• **DATA BLOCK**:
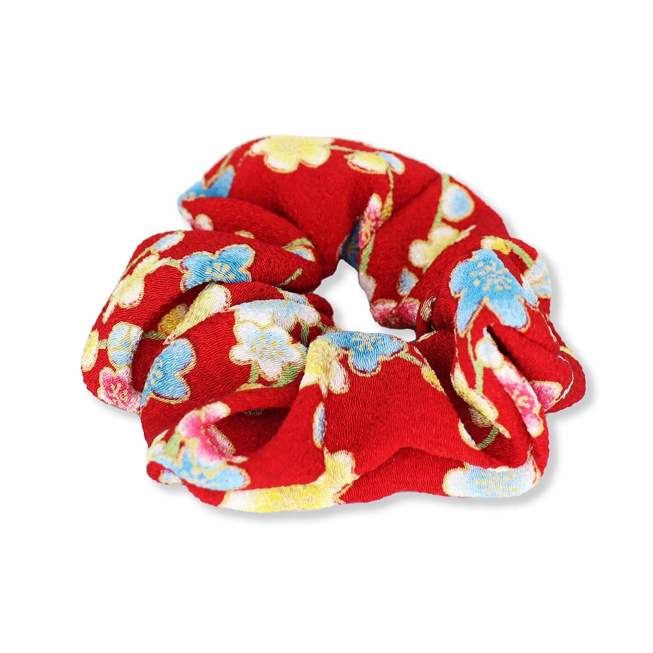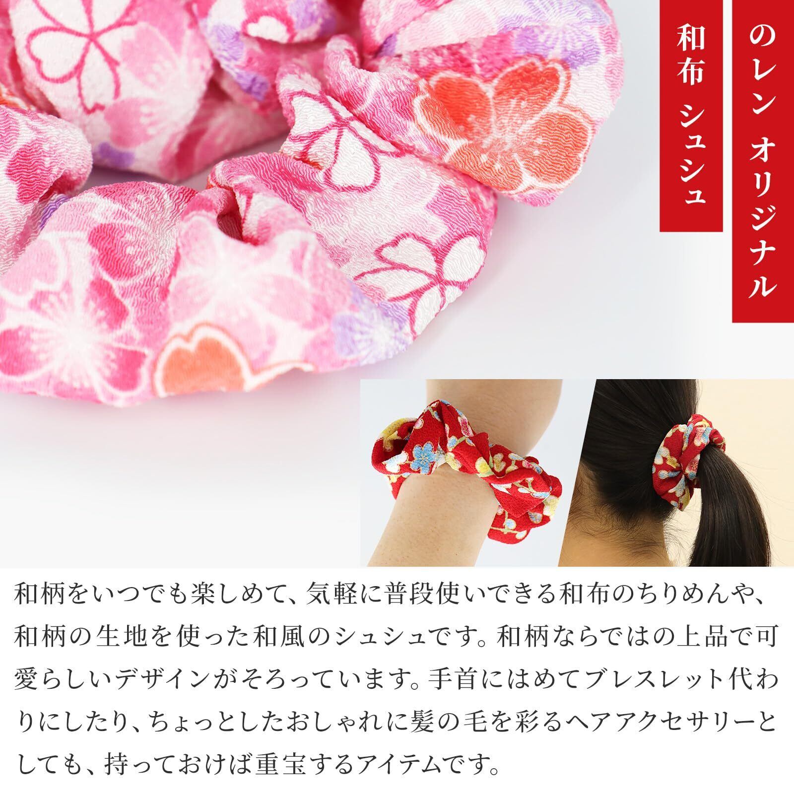 のレン ヘアゴム シュシュ 和柄 (赤/ピンク) 髪ゴム ゴム/日本製 ヘアアクセサリー ヘアアレンジ 和風 シンプル/日本土産 Japanese traditional souvenir レディース 子供 和装小物
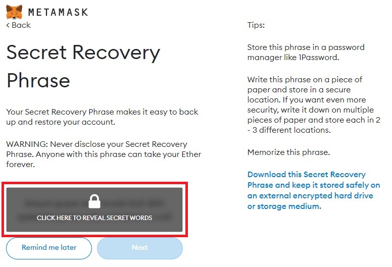 Click on the padlock to show your 12 secret words
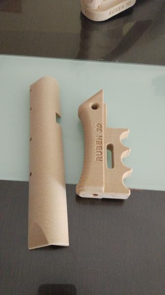 Buenas pues os dejo unas fotos de el grip , la rabera y carrillera de la impact impresos en 3D con filamento de madera, tintados y lacados .
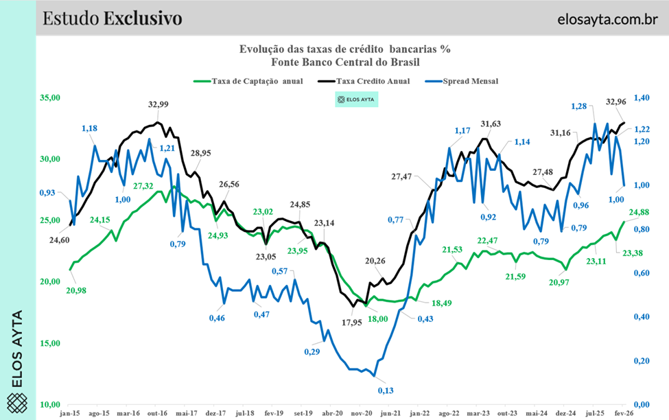O exemplo de fevereiro de 2026 sintetiza esse comportamento: mesmo com custo de captação em 24,88%, a taxa média de crédito segue próxima de 33%.

• **EXERCISE**:
The copy should hold exactly the lines from the line containing "Click on the" through the end of the data, both ends included, and no pictures.

• **RESULT BELOW**:
 Click on the padlock to show your 12 secret words
 Buenas pues os dejo unas fotos de el grip , la rabera y carrillera de la impact impresos en 3D con filamento de madera, tintados y lacados .
O exemplo de fevereiro de 2026 sintetiza esse comportamento: mesmo com custo de captação em 24,88%, a taxa média de crédito segue próxima de 33%.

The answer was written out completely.